The service that a good financial adviser should provide for clients stretches beyond just telling them what to do with money, Continuum has said.

Commenting today (4 October) for World Financial Planning Day, managing partner Martin Brown said advisers needed to "step up and ensure they are doing their part" when it comes to helping clients combat stresses around finance but also more widely as well.

Brown said this should include offering "more emotional, mental and general health support to clients".

"During the coronavirus pandemic a lot of our clients came face to face with their vulnerability and started involving the next generation and wider family members with their planning for the future," he said. "We soon noticed a strong correlation between how confident our clients felt about the future, and the wellbeing of their entire family. This stretched beyond pure financial concerns into worries about things such as health and education of younger family members."

The theme for this year's World Financial Planning Day is on the role of the financial planner in reducing stress and improving clients' financial wellbeing.
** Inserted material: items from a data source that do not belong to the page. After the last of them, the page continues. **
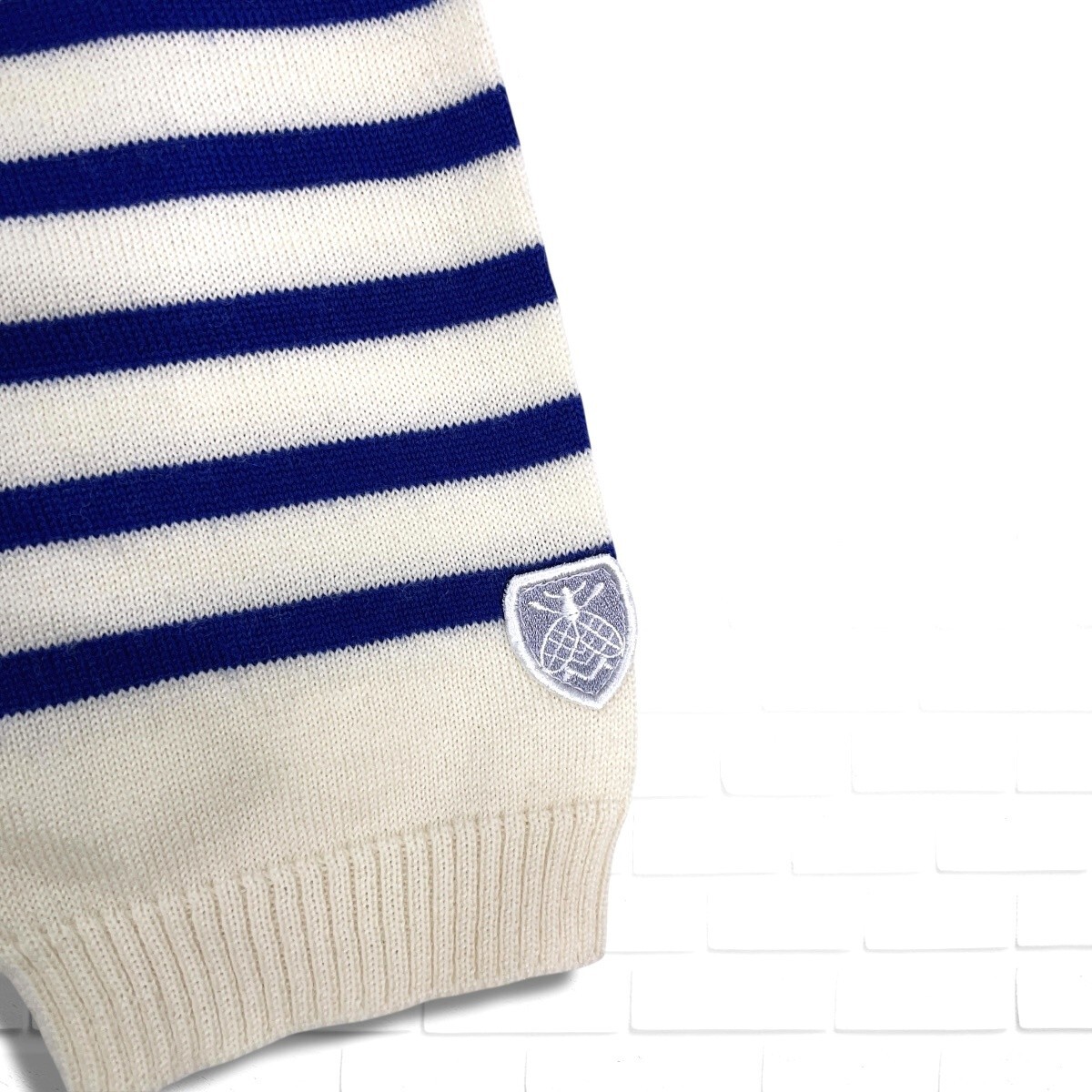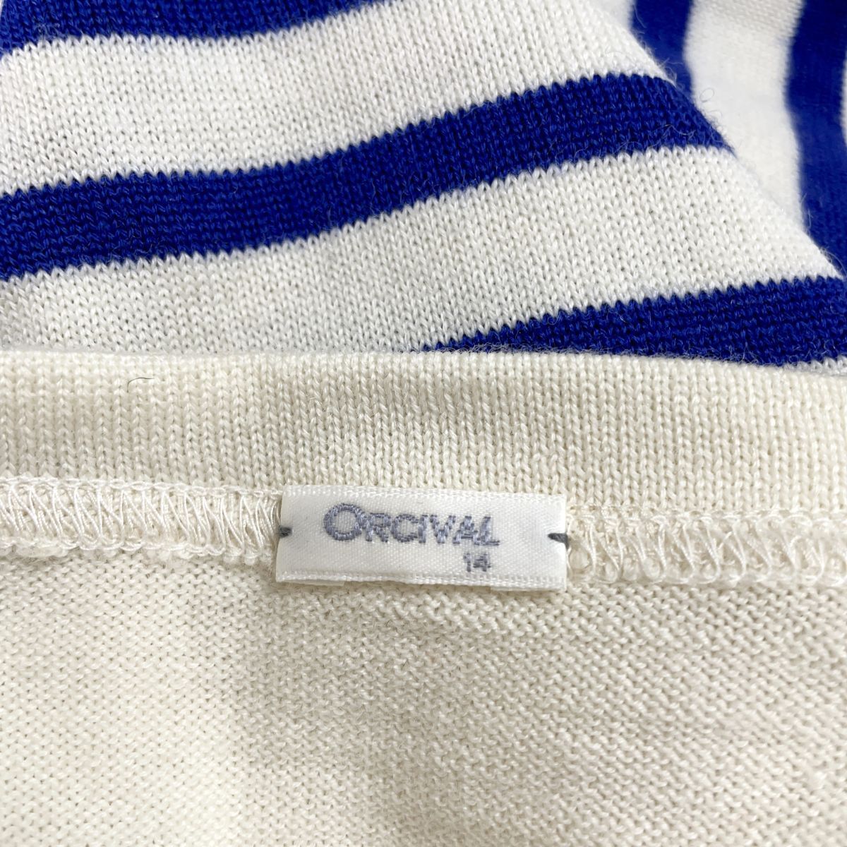 ◆良品◆ ORCIVAL オーシバル ウール 100% ニット ボーダー 長袖 ワンピース 白 × 青 ホワイト レディース 14 ◆送料無料◆ 0065J◇
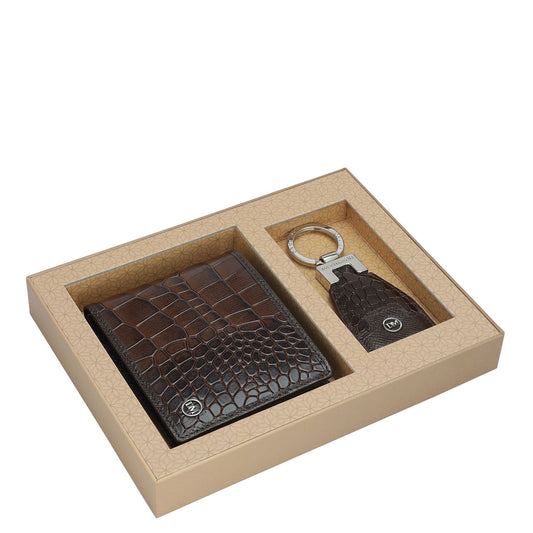 Brown Croco Franzy Mens Wallet & Keychain Leather Gift Set
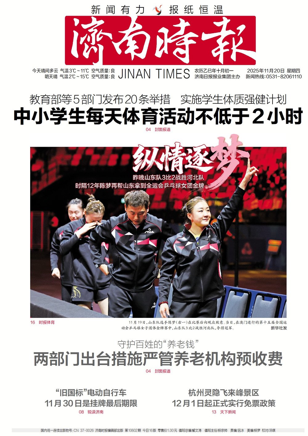 11月19日晚,第十五届全国运动会女子排球成年组决赛在澳门威尼斯人综艺馆圆满落幕。本届赛事中一路高歌猛进的山东女排,在决赛中迎战坐拥9名国手的江苏女排,最终虽憾负对手斩获银牌,却创下山东女排成年队全运会60年来最佳战绩。值得关注的是,济南市培养输送的王梦洁、孙杰、王文涵、解盛钰、宋立琪、解盛岩6名运动员悉数入选山东队阵容,占据半壁江山,她们以精湛技艺和顽强拼搏,成为山东女排实现历史性突破的核心力量。详情>>
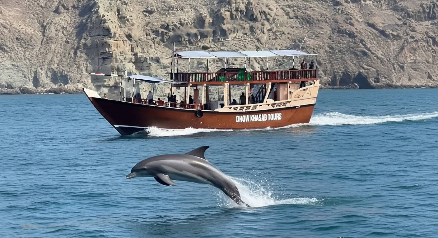 Discover the best Musandam Khasab tour packages with Dhow Khasab Tours.Enjoy a Khasab dhow cruise, dolphin watching, snorkeling, and visits to Telegraph and Seebi Islands.
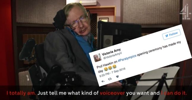 Prof Hawkin on #Paralympics opening ceremony has made my day 😂😂😂
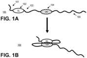 - FIG. 1 shows schematic representations of an exemplary scFv binding fusion protein with a single targeting moiety depicted in an N- to C-terminus orientation.FIG. 1A shows the configuration of a scFv binding fusion protein (100) with the single chain Fv targeting moiety in a "relaxed" conformation, comprising an N-terminal XTEN sequence (101), a VL binding domain sequence (102), a linker sequence (103), a VH binding domain sequence (104), and an XTEN carrier sequence (105) at the C-terminus.FIG. 1B shows the flexible linker permitting the two binding domains to come into association to form the antigen binding site of the scFv targeting moiety.
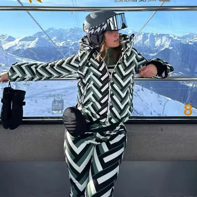 스트라이프 스키복 여성용 방수 스탠드 칼라 후드 스노우 다운 코트 스포츠 파카 지퍼 점프수트 2026 신상 두꺼운 여성 스키웨어
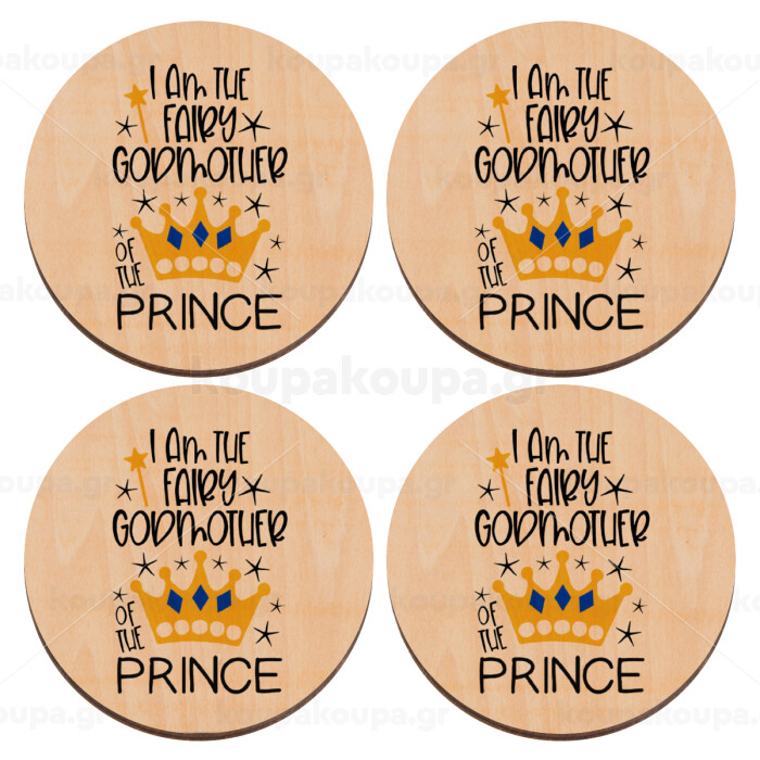 I am the fairy Godmother of the Prince, ΣΕΤ x4 Σουβέρ ξύλινα στρογγυλά plywood (9cm)
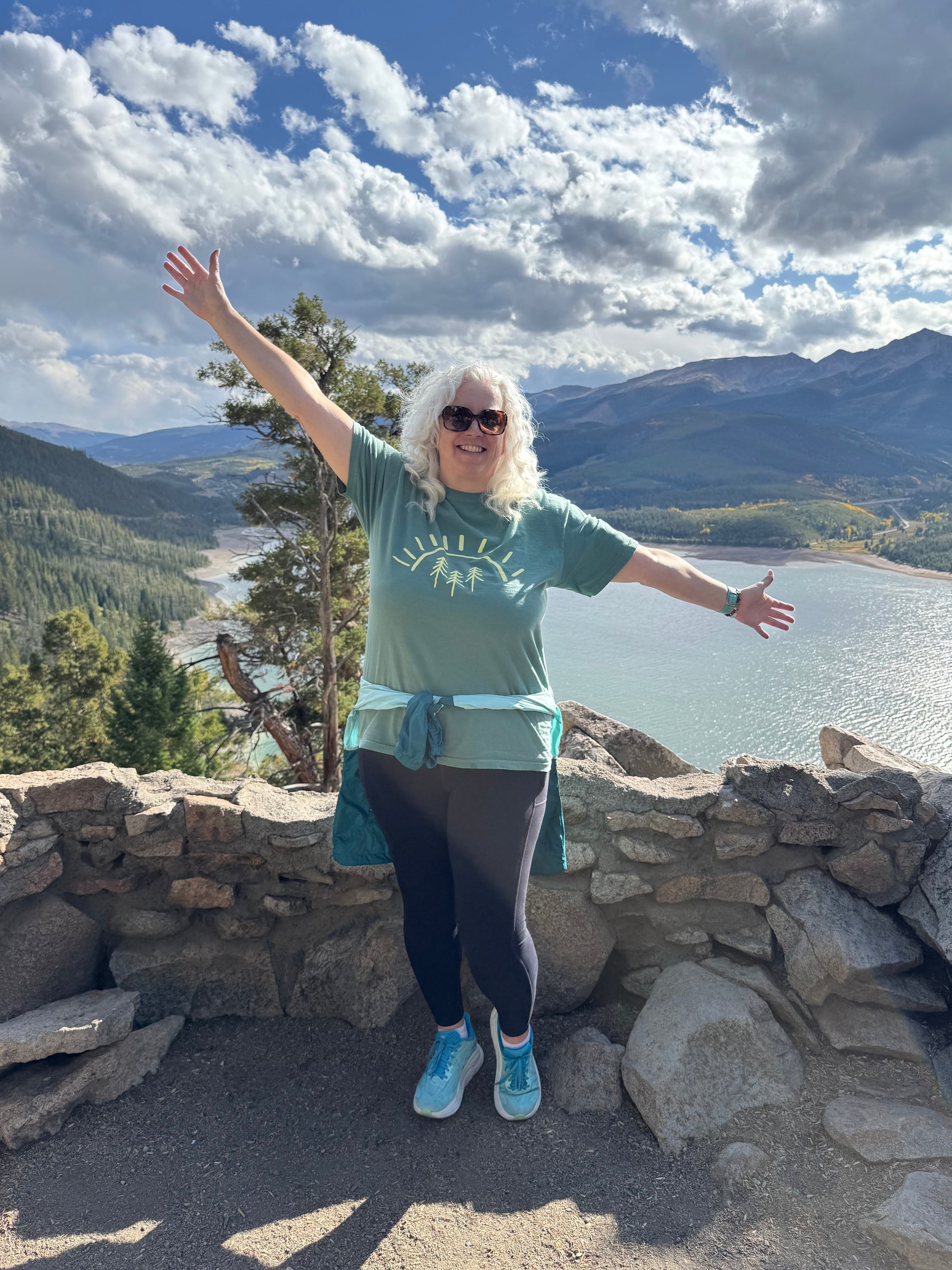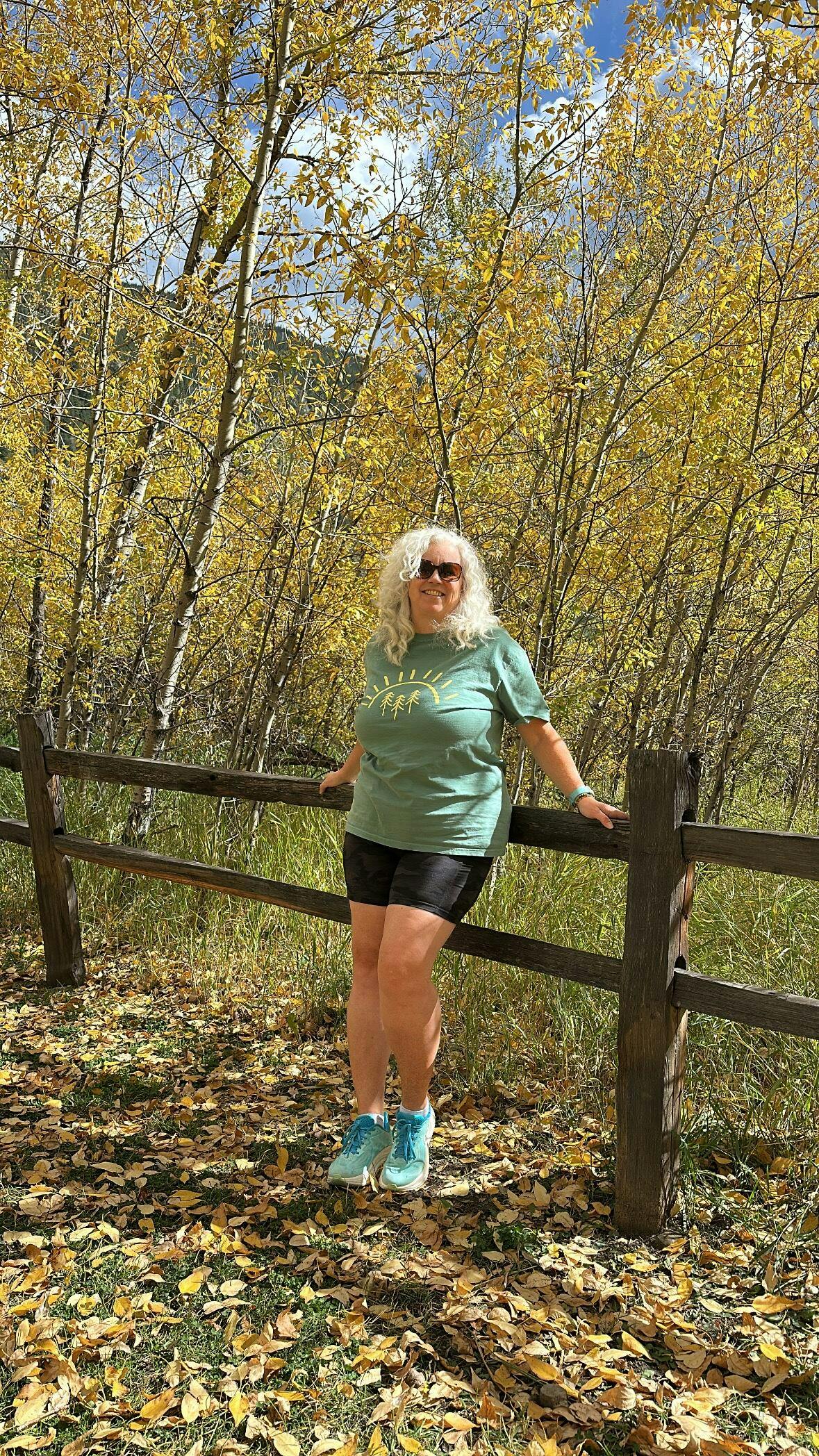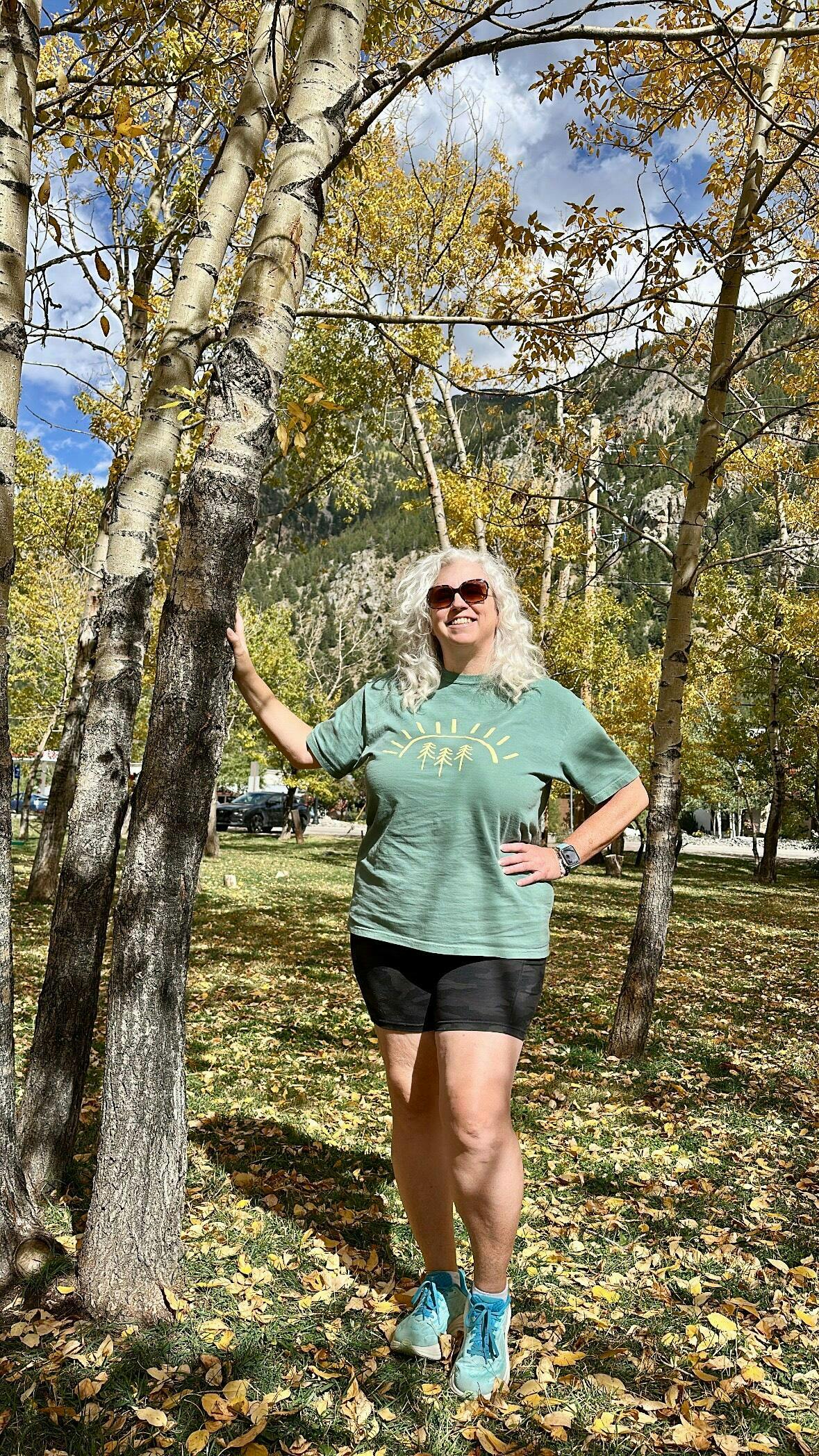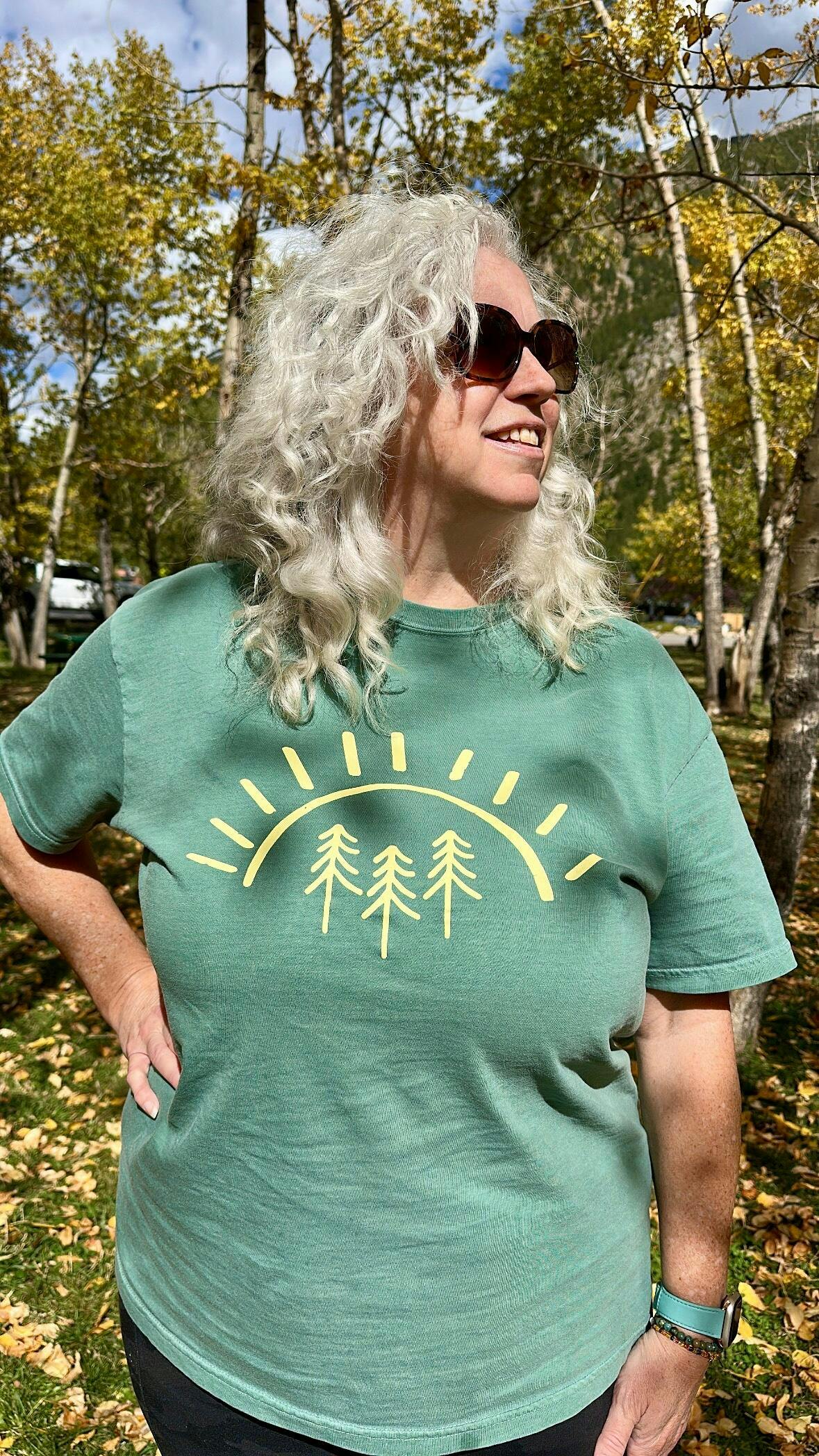 Our best selling pine tree sun design printed with yellow ink on a light green tee, distressed design some dots and lines throughout for a textured look!

Brown added: "It is undeniable that client wellbeing and happiness is closely linked to that of their wider family. If financial services firms want to demonstrate how they can help improve their clients' wellbeing, the focus needs to be on the wider family unit and not just the individual client.

"Financial advisers in particular need to involve younger generations with financial planning."

World Financial Planning Day aims to help raise awareness of the value of financial planning, having a financial plan, and working with a financial planner who has committed to putting clients' interests first. It is hosted by the Financial Planning Standards Board and is sponsored in the UK by the Chartered Institute for Securities & Investment.